DATA EXCERPTS:

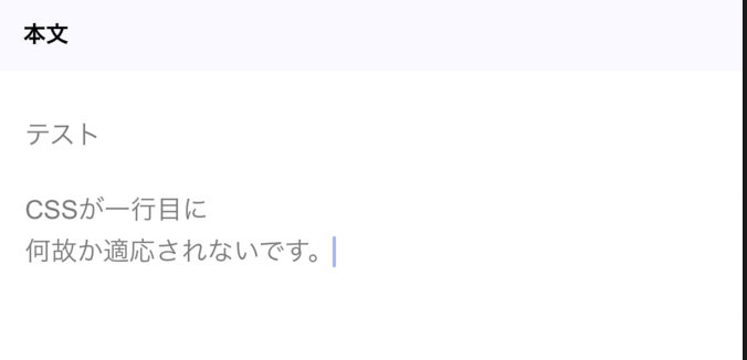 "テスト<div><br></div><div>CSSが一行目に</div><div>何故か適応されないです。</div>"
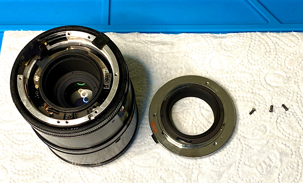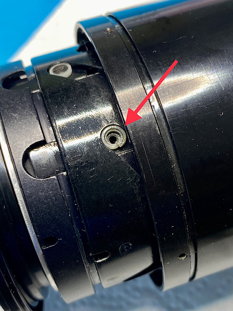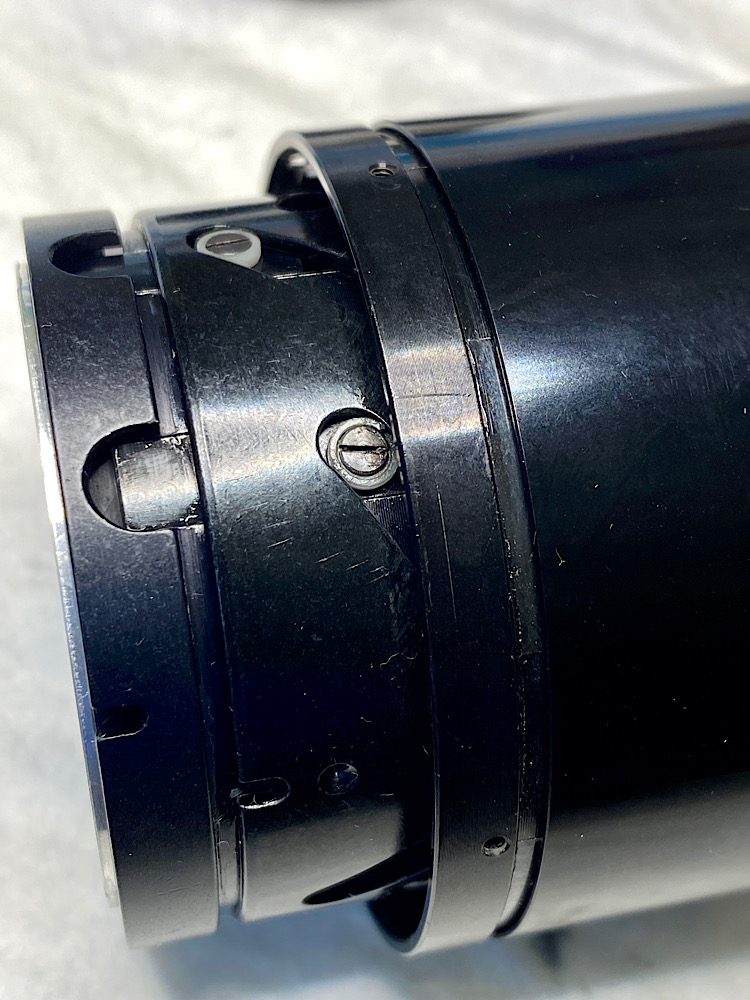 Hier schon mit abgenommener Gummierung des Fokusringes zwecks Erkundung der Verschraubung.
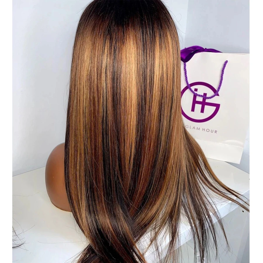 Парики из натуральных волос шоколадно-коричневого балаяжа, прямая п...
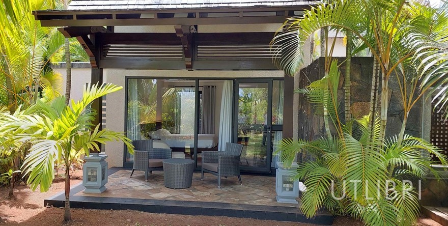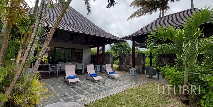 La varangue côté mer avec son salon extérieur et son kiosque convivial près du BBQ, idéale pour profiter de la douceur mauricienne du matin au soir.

* * *

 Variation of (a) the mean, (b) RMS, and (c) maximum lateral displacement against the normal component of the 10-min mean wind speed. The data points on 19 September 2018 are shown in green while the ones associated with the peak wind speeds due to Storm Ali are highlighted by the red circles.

...

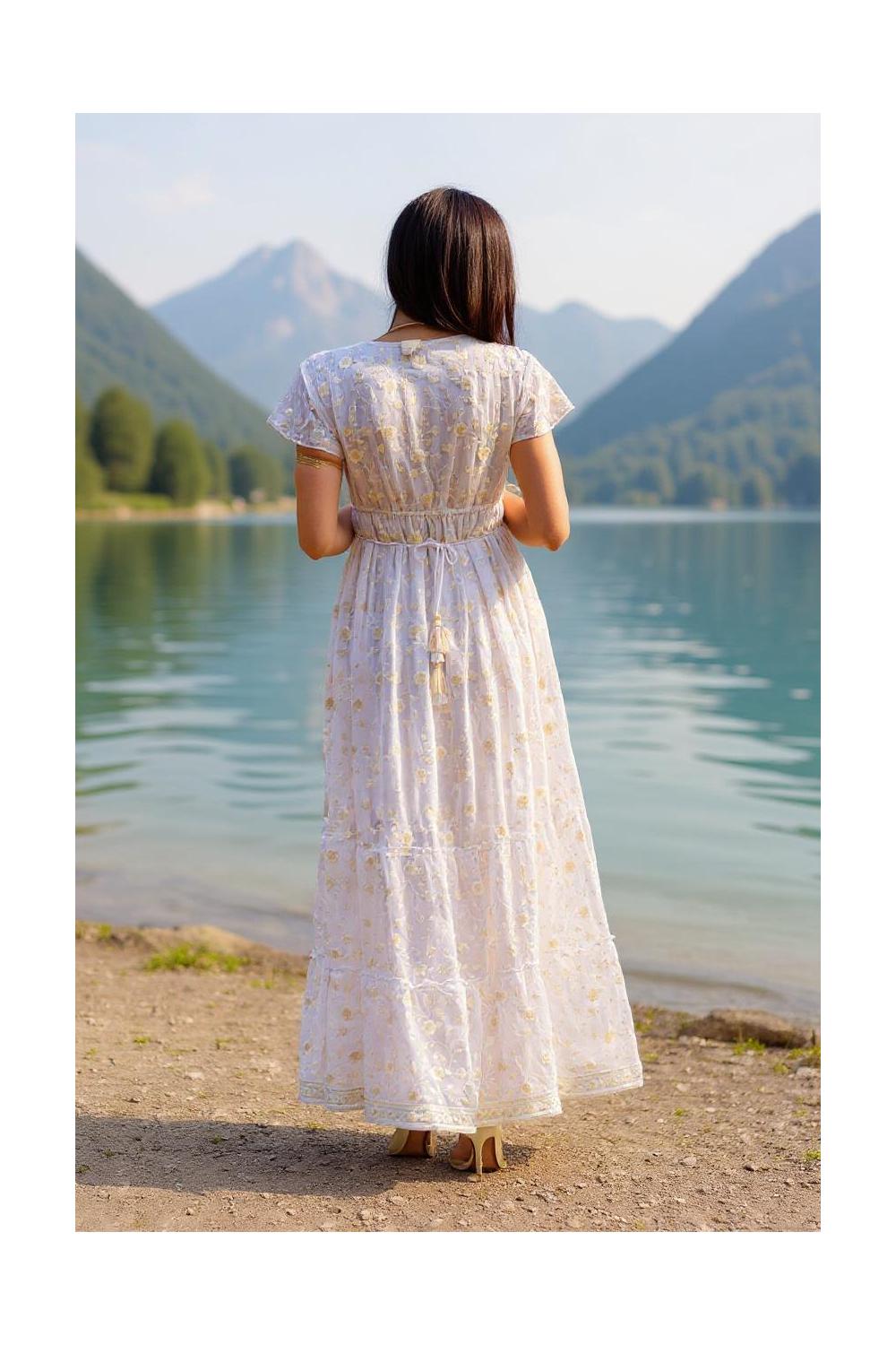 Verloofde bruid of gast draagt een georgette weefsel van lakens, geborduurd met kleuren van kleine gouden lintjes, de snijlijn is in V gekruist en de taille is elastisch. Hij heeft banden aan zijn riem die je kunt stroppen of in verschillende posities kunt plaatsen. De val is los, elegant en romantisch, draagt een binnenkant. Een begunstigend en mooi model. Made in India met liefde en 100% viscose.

EXERCISE:
Reproduce exactly the lines above that run from the one with "Парики из натуральных" to the one with "La varangue côté", both included, leaving pictures out.

REPLY TO THE TASK:
 Парики из натуральных волос шоколадно-коричневого балаяжа, прямая п...
 La varangue côté mer avec son salon extérieur et son kiosque convivial près du BBQ, idéale pour profiter de la douceur mauricienne du matin au soir.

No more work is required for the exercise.